In 1993, he made 20 relief appearances for the Indians and went 0–2, allowing 30 hits and 17 runs in 20 innings. He was on the disabled list twice that season, and by July the team had decided to demote him to the minor leagues. Power refused the demotion and the team placed him on waivers. He signed with Seattle and played in 25 games and had a record of 2–2. He pitched in 25.1 innings and allowed 11 runs on 27 hits.

Power suffered a shoulder injury during spring training drills before the 1994 season. He was diagnosed with a torn labrum and he indicated that he would seek multiple medical opinions to find out whether he was a candidate for arthroscopic surgery. While an arthroscopic procedure would require several months of recovery, an open shoulder surgery was thought to be career-ending for Power. Orthopedic surgeon James Andrews agreed to perform the surgery arthroscopically if he found limited damage inside Power's shoulder.

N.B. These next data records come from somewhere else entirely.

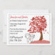 Convite de casamento bonito feito em um tema casual, com um menino e uma menina de desenho animado parados sob uma árvore de folha de coração vermelha, contra um fundo branco. A costura preta à volta da borda faz um olhar casual divertido. Personalize o texto para atender às suas necessidades de casamento.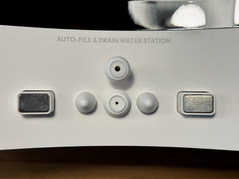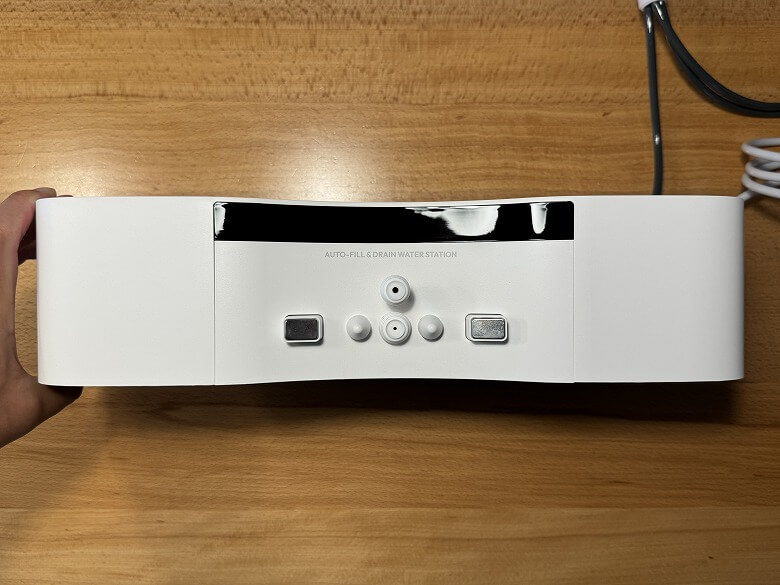 正面には接続部や自動給水口があります。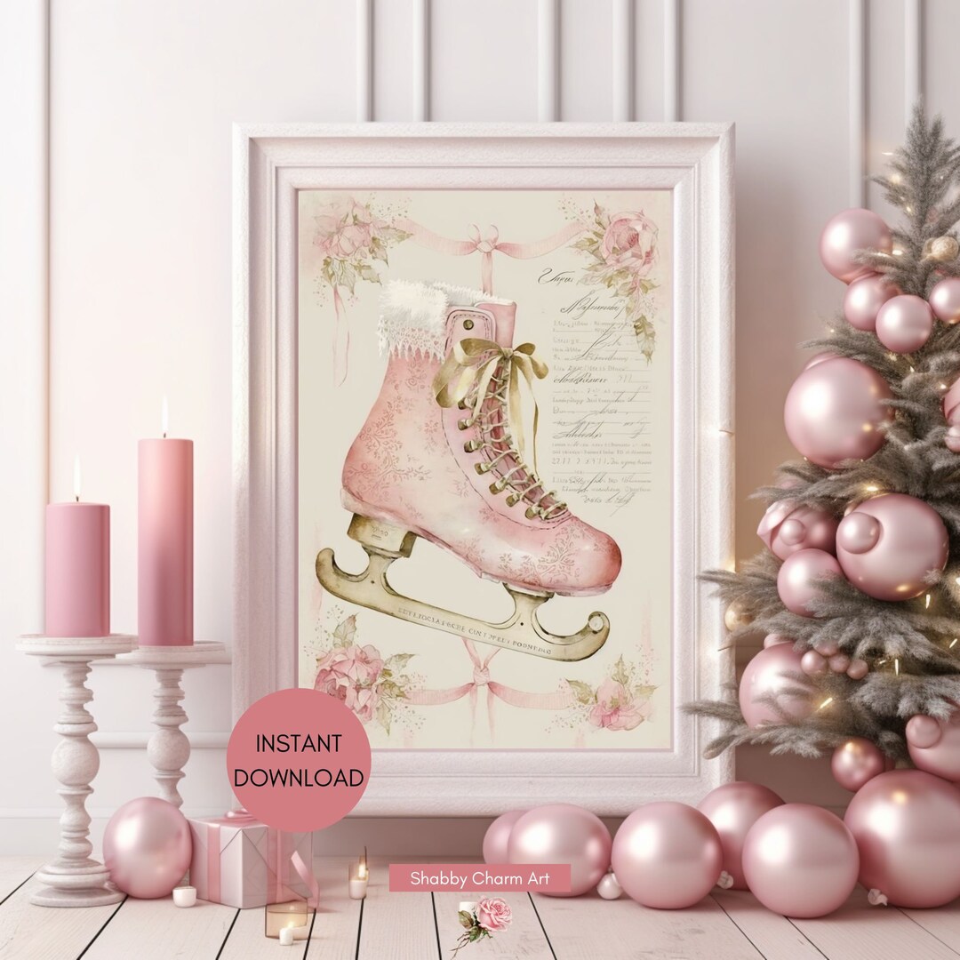 Ice Skate Printable 8x10 Christmas Print Shabby Christmas Vintage Print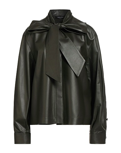 chemise avec nœud, cuir, uni, sans applications, manches longues, fermeture à boutons, contient des parties non textiles d’origine animale, nettoyage à sec, ne pas utiliser de javel, ne pas sécher en machine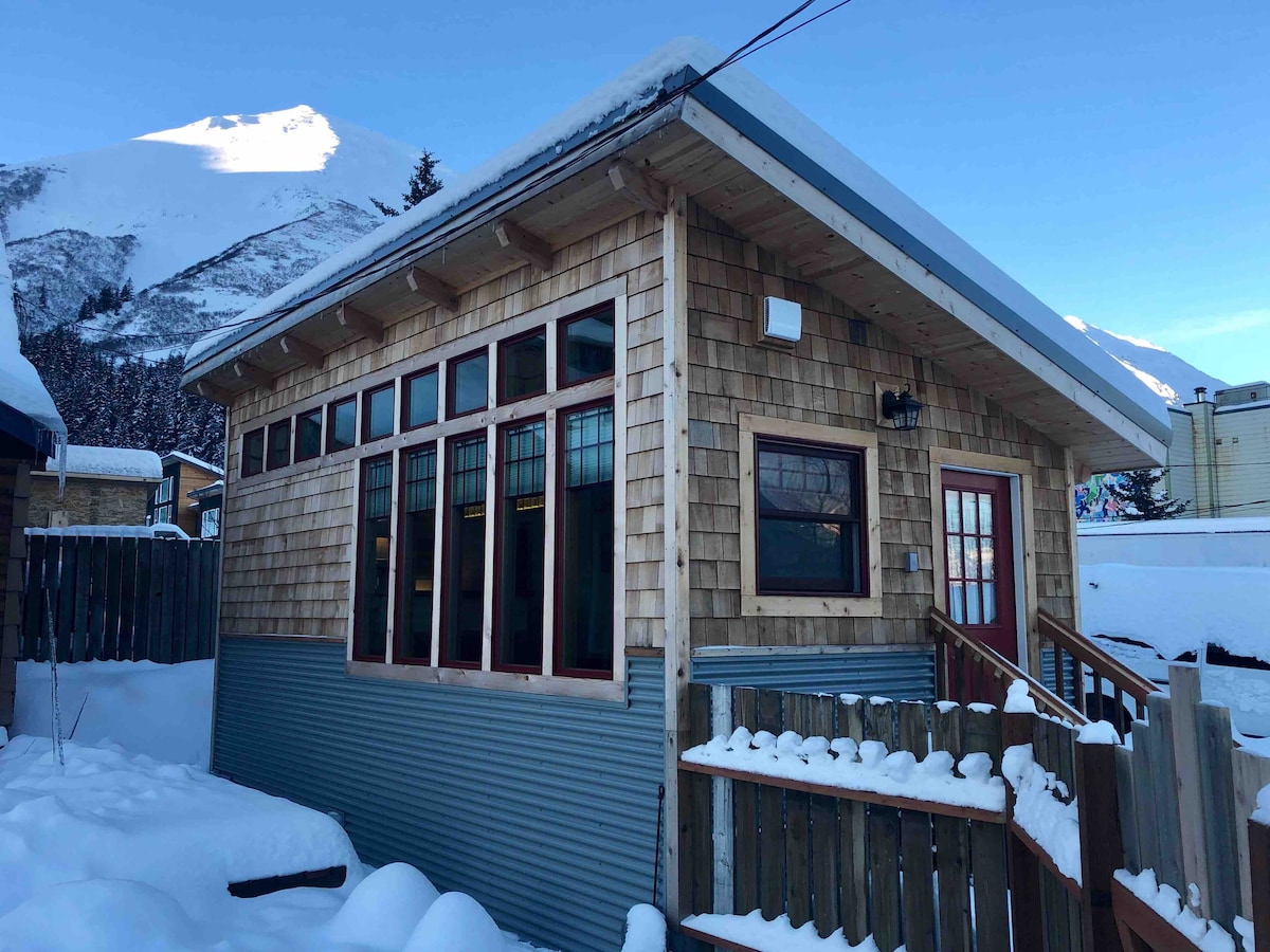 Adorable cottage in the back yard of the local historic coffee house. This custom tiny home was built to take in the grand, south-facing views. Our cottage is in the perfect location in downtown Seward, but it's also privately situated in the backyard and is protected from tourist traffic. Every detail has been considered when putting together this artistic space, and we're excited to share it with you!
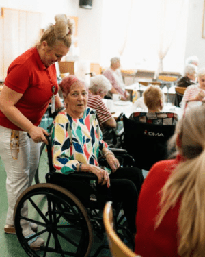 The caregiver is making contact and holding the resident’s hand.  The power of touch is truly amazing.  And, having a family member there to rely on in case of confusion, but having her step back to allow her loved one to communicate with her caregiver speaks volumes on the trust and support of where her loved one lives.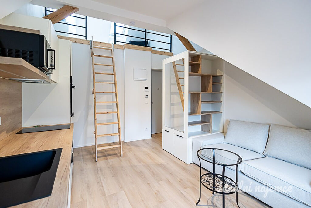K dlouhodobému podnájmu nabízíme světlý a útulný byt 1+kk s loftem v klidné a atraktivní lokalitě Praha 10 – Záběhlice.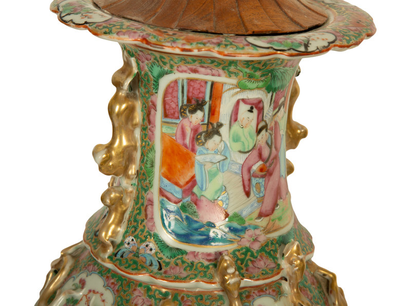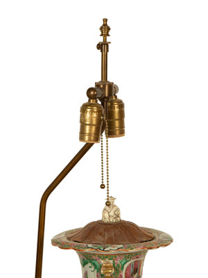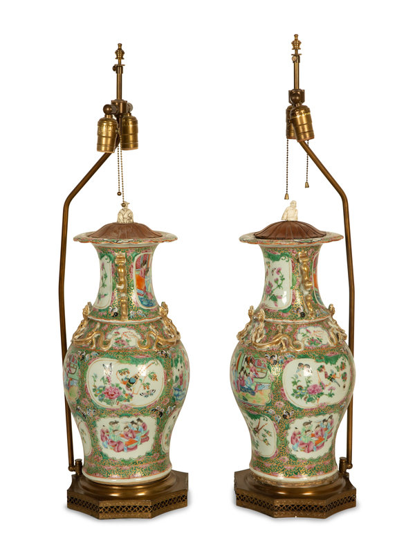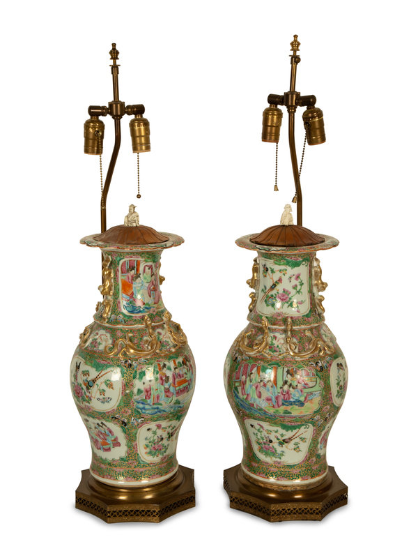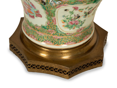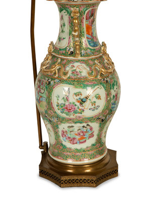 A Pair of Chinese Rose Medallion Porcelain Vases Mounted on Brass Lamp Stands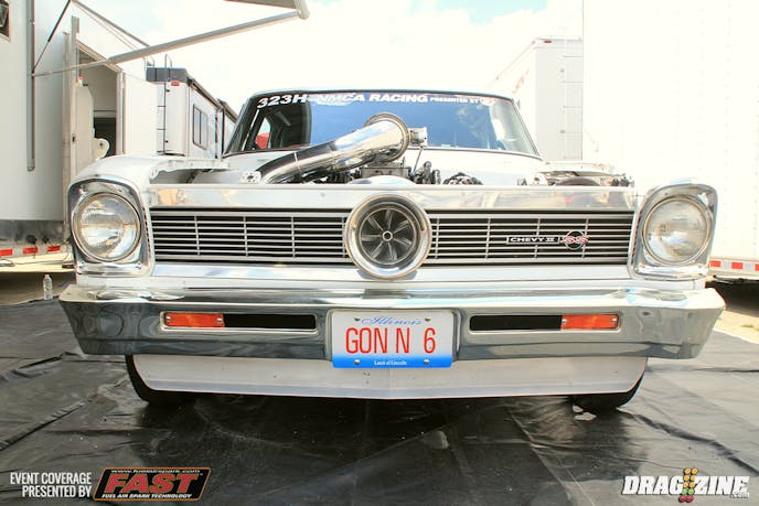 This gorgeous 1966 Chevy II is owned and driven by Hollis Jones. The F3R Procharged engine makes around 3200 horsepower on alcohol and is being tuned by Patrick Barnhill from PTP Performance this year. Jones ran the car here in Pro Modified two and three years ago but skipped last year and has come back for some Top Sportsman action this weekend. They will be looking for 6.70's this weekend with Steve Morris power in their second outing for the year. The chassis was built by JC from Performance Concepts. He set the carburated Procharged record two years ago with a 6.90 and has since switched to fuel injection for ease of tunability and horsepower capability with a best of 7.0 this year.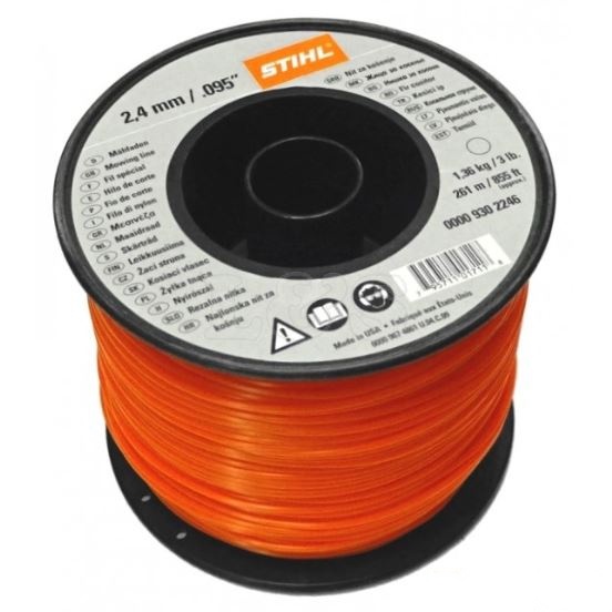 Čtvercová žací struna, průměr 2,4 mm, délka 261 m, oranžová, vyrobena z odolného a elastického materiálu.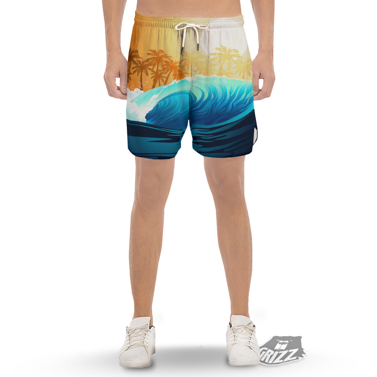 Sunrise Tropical Surfing Wave Print Men's Gym Shorts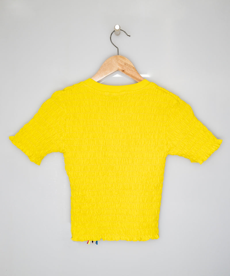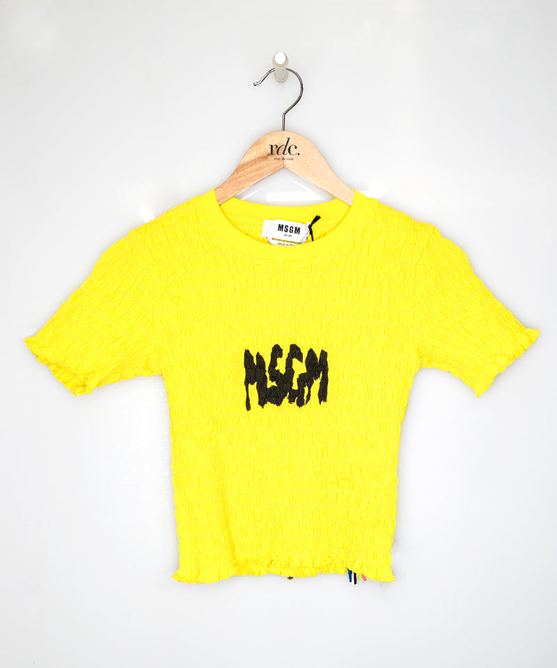 Solid color cotton crop-top crewneck t-shirt with new brushed MSGM logo. Short sleeves and crewneck collar. Smock stitch. Regular fit.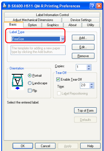 5. 點(diǎn)擊[Basic(基本)]標(biāo)簽,從[Label Type(紙張的型號(hào))]中選擇預(yù)先登錄了的 [用戶將使用的打印介質(zhì)] 。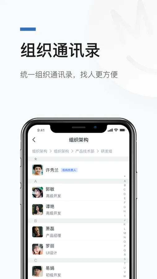 支持组织通讯录、成员聊天信息、组织共享文件等所有信息的统一搜索并随时呈现。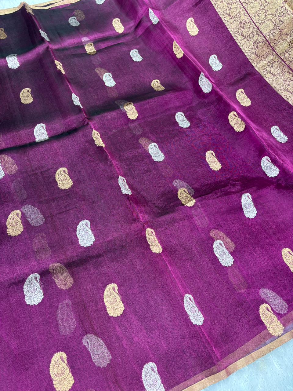 The Midnight Royal: Deep Aubergine Banarasi Tissue Silk Saree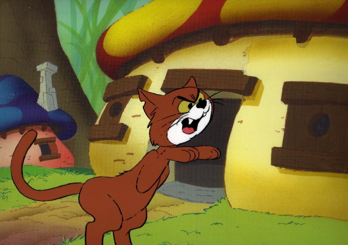 Azrael es un gatito naranja con una pequeña herida en la oreja derecha, que aparece por primera vez en 1959 debutando en la historieta “El ladrón de los pitufos” como compañero del hechicero Gargamel y además demuestra que ve a estos amiguitos azules como comida. El minino aparenta ser un gato tranquilo, pero a su vez muy impaciente.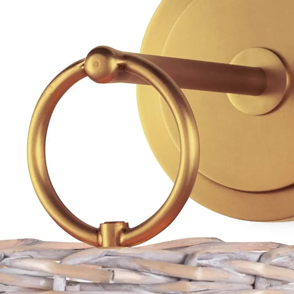 Add an elegant accompaniment to your walls and hallways with the Nantucket Wall Sconce from Regina Andrew. A clever coastal fixture, it starts simply by extending a short steel rod from a stepped disc wall plate, dropping in turn to a vertical ring that suspends the fixture’s single, downward-facing socket. A cylindrical shade made from hand-woven rattan wraps the lamping from the sides, drawing the eye as it gentles direct glare from the sides.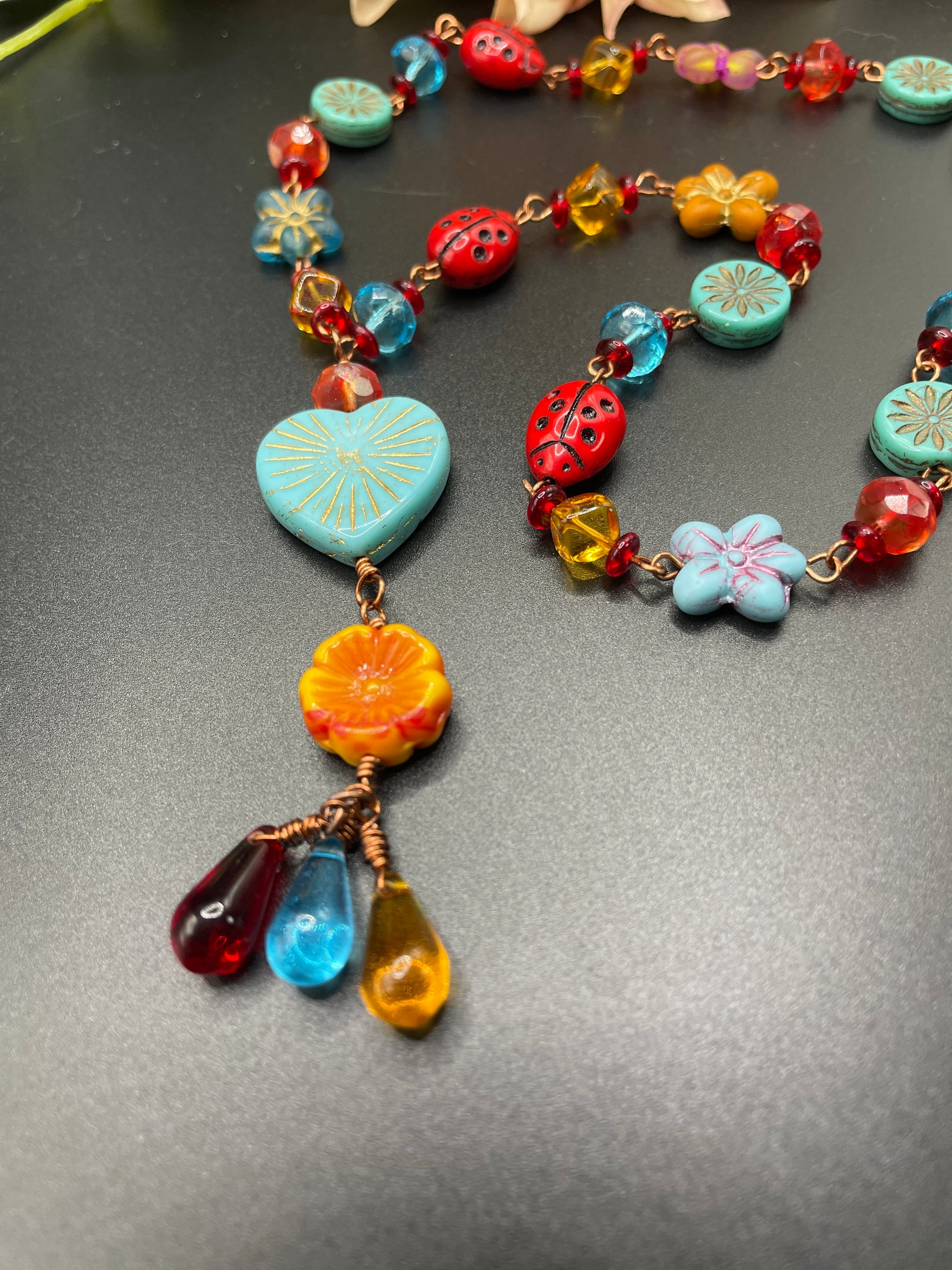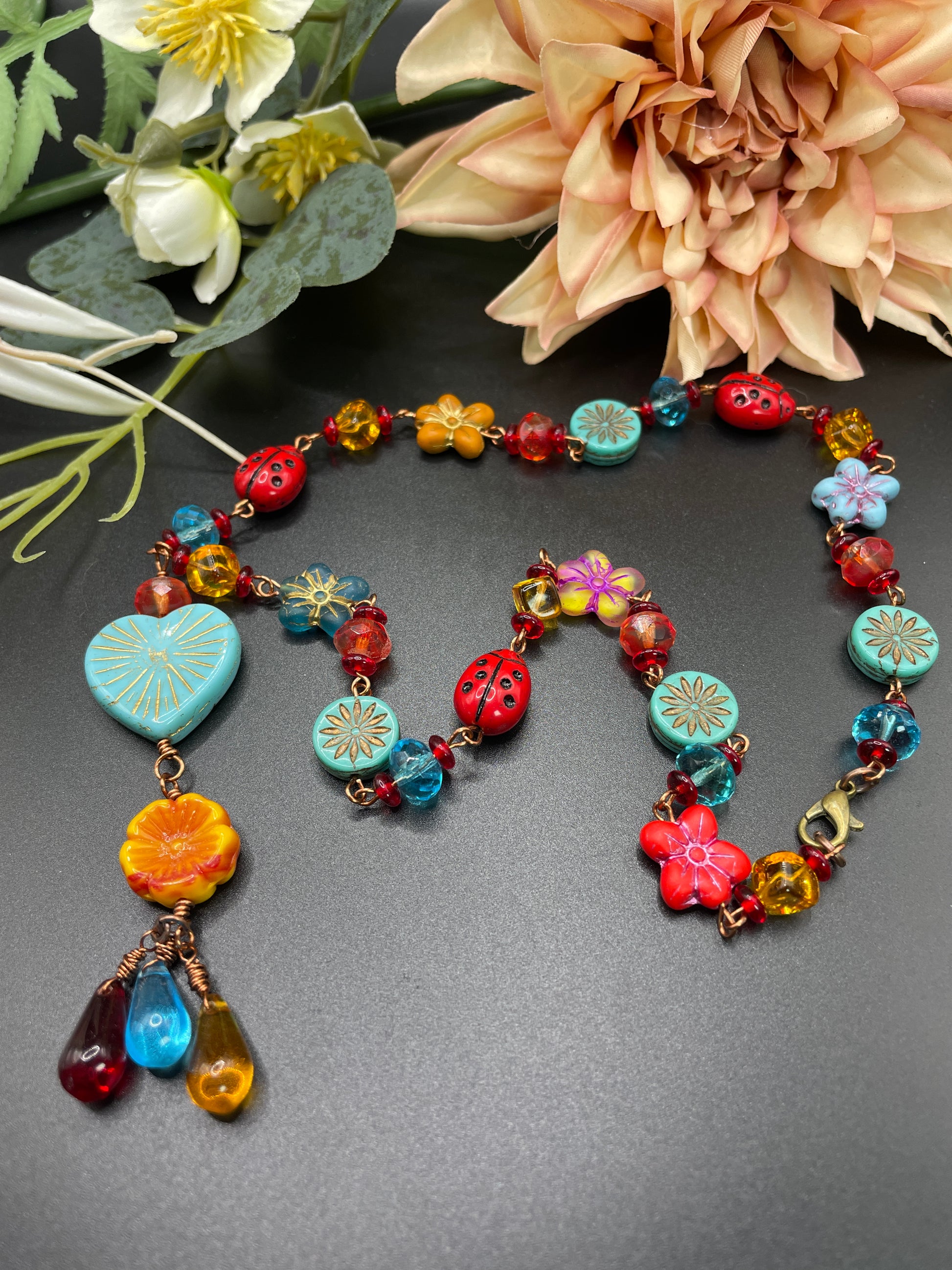 Adorn yourself with this whimsical necklace featuring a Czech Glass Heart focal, Czech Glass Aster and Hibiscus flowers, and a playful tear drop tassel. The colorful ladybug design is sure to add a touch of fun to any outfit. Perfect for nature lovers and those with a quirky sense of style!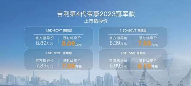 号称“国民冠军家轿”的吉利第4代帝豪冠军版正式上市,在第4代帝豪的基础上加量不加价,限时优惠价格为6.19-8.09万元。

On March 11, Power had arthroscopic surgery. He missed the entire 1994 season. In October of that year, Power refused a minor league assignment with the team and he was made a free agent.

==Coaching career==
He was the pitching coach for the San Diego Padres affiliate in the Arizona Rookie League in 1996. The club won the league championship that year. In 2000 and 2001, Power was the pitching coach for the Reds' Pioneer League team, the Billings Mustangs. In 2001, the team won the championship. In 2002, Power was the pitching coach for the Dayton Dragons. In 2016, he began his eleventh season as the pitching coach for the Louisville Bats, the Triple-A affiliate of the Cincinnati Reds. On July 4, Power was promoted to bullpen coach for the Reds after former pitching coach Mark Riggins was fired.